A few other examples I see in all of the maps;
The Wilson Trial is marked as a jeep trail that you drive on when you can't. Hiking only.
The location of the road to Harper Canyon is wrong. All of the maps are about 1/4 mile off.
None of the other roads to the valleys off Kane Spring Rd are on any map. There are almost 10 miles of roads missing from that small area.

My map also has most of the popular hiking trails mapped out. I thought these were on the topo maps but I don't even see the Pacific Crest Trail. My challenge is that on Garmin receivers the trails look bigger than dirt roads which I find confusing because it makes it look like you can drive on them. The map has 5 levels of detail for zooming in or out. I put the trails only on the bottom level so you have to be zoomed in to see them. This avoids confusion when driving but doesn't help with being able to browse the map for trails because you must be zoomed in to see them. A possible work around is a setting on the receiver to show more detail. I'm going to look into using imagery for some elements instead of only Garmin objects. I'm also going to look into getting the data into an iPhone or Android app.

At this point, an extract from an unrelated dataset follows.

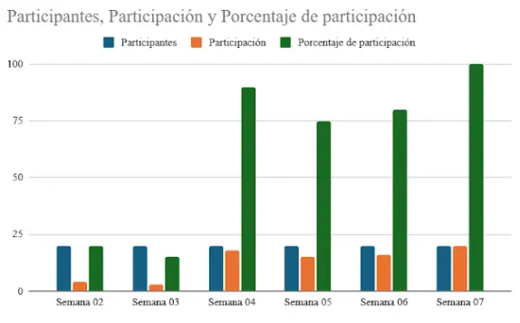 Podemos observar el cambio en la participación activa de los estudiantes semana a semana, actualmente, mantengo la participación en porcentajes altos y sobre todo están conectados y comprometidos durantes la sesión del curso.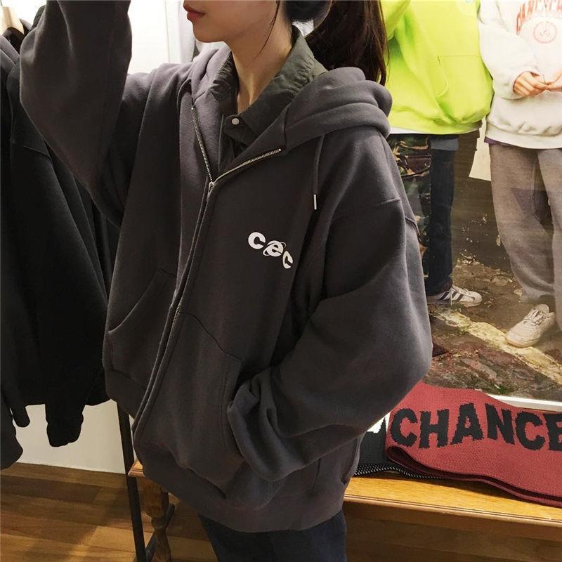 2025 Nuevo Otoño e Invierno Ropa de Pareja Estilo Coreano Cárdigan con Cremallera Estampado Sudadera de Terciopelo con Capucha Chaqueta Holgada para Estudiantes de Mujer

For the screenshots I used Caltopo.com which is one of the topo maps used in BackCountry Navigator. The other screenshots are from Garmin maps including Topo 2011 which is the most recent. Please let me know if there are more accurate maps out there. Everything I'm finding is stale government data.

My map



California Topo (Garmin)


California Topo 2011 (Garmin)


CalTopo.com (used in BackCountry Navigator)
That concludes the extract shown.